Hayk's mother, Marine Habosian, says that she has raised her son so that he wouldn't feel that his hearing impairment is a hindrance. In Armenia, where those with physical afflictions are often isolated, Marine integrated her son into society. She gave him errands, including going out to do shopping, just as she did his hearing brother and sister.

But Hayk soon proved that he was indeed "special," though not in the sense usually applied to someone who has impairment. One day Marine heard very loud music and...

"When I entered his room and saw that he was playing very loud music and was dancing, I thought that the boy might be hearing," Marine says.

He wasn't. But he was feeling the music.

As soon as his father realized that his son wanted to dance, he took him to classes at Arai Dance Show dance group.

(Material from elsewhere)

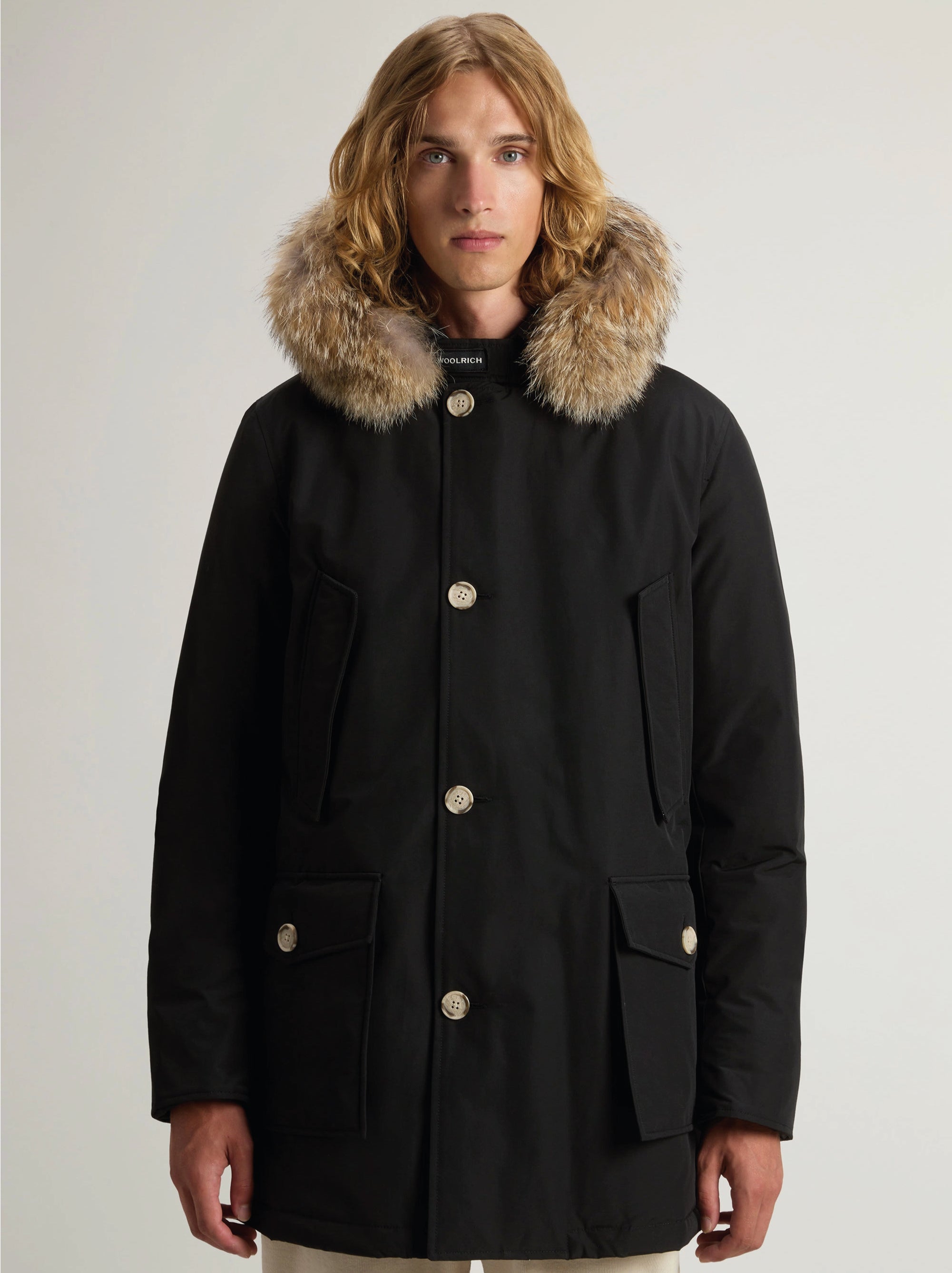 Giaccone parka in ramar con cappuccio con pelliccia removibile da uomo  di Woolrich.

"Yes, it was hard for me at first," says Hayk. "I was different from the other children in the group. But my first teacher and generally everybody helped me a lot. I managed to integrate into dancing."

In fact, Hayk is now a lead dancer of Arai Dance Show, which performs at different shows and concerts in Armenia. Hayk specializes in hip hop, break dancing and Latino.

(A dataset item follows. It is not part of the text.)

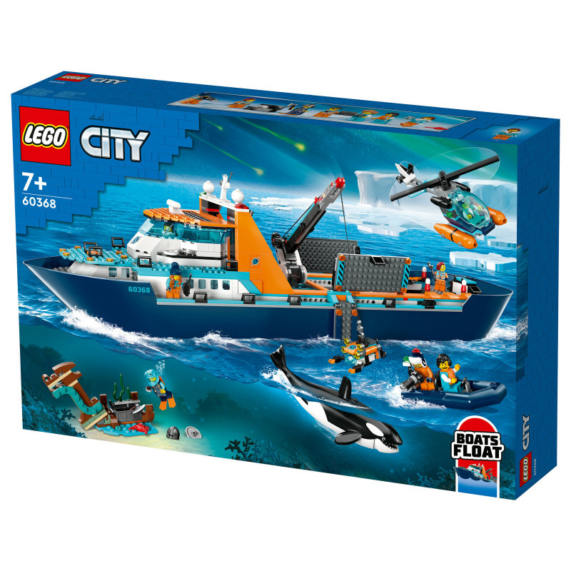 "LEGO City Arctic Explorer Ship. Product type: Building set, Recommended age (min): 7 yr(s), Material: Plastic, Number of pieces: 815 pc(s). Package weight: 2.66 kg"\n"Fun adventures lie on the horizon with the mighty LEGO® City Arctic Explorer Ship (60368). This huge floatable toy boat is loaded with realistic detailing for imaginative exploration adventures. This premium playset also includes a helicopter, dinghy, underwater ROV sub and a Viking shipwreck, plus a treasure chest, 7 minifigures and an orca figure.

Fellow lead dancer Anita Abgarian remembers the first time she saw Hayk dance.

"I met him during a festival we both were participating in and Hayk was only 11. He was dancing amazingly for that age, but I did not know anything about him being deaf until it was announced that Hayk won a Grand Prix. The whole audience gave him a standing ovation, parents were crying, and I understood that little boy was a phenomenon," says Abgarian, 29.

Abgarian calls her dance partner the "sun of our group," and she considers him to be one of the best experts of "dance language" in Armenia. "He never gives you room to think that he differs from others," she says.

"We are the same. The difference is that he is kinder, and sometimes I even envy him, because in many cases he does not hear how malicious people can be. He does not notice some shortcomings of the world," she says.

When Karen Mikayelian, the head of Arai, admitted Hayk to the dance group, he did not imagine the day would come when this new student would emerge to be a lead dancer.

"When Hayk's father first brought him here, we faced a big dilemma (adding that he had never had a deaf student). But it turned out that I never regretted accepting him into our group, because he was a very smart child, and he gave us even more than we could have expected," Mikayelian remembers. "He has such a huge amount of inner strength, that those emotions that we get from music, he already has inside of him."

Hayk dreams of having his own studio where he can lead a dance class and pass his favorite language skills on to all the children who, like him, want to dance.

The dancer dreams, too, of joining his father who is in Los Angeles. While he, his mother, sister and brother live in Yerevan, his father has been in Los Angeles for five years. The father initially worked as an accountant and had hoped to bring Hayk to the States. Now, though, he is a taxi driver. Hayk has applied for a visa four times, once simultaneously with his father. But he has been denied. He says he thinks it's because he's deaf.

In Armenia several dance groups for the deaf are headed by people who can hear. But Hayk has reversed that trend. Last spring at Arai he taught not only a hip hop class for hearing impaired children, but also a hip hop and Latino class for children who can hear.

In September he started another session of classes, teaching children who need only find the passion for dance, if not the sound.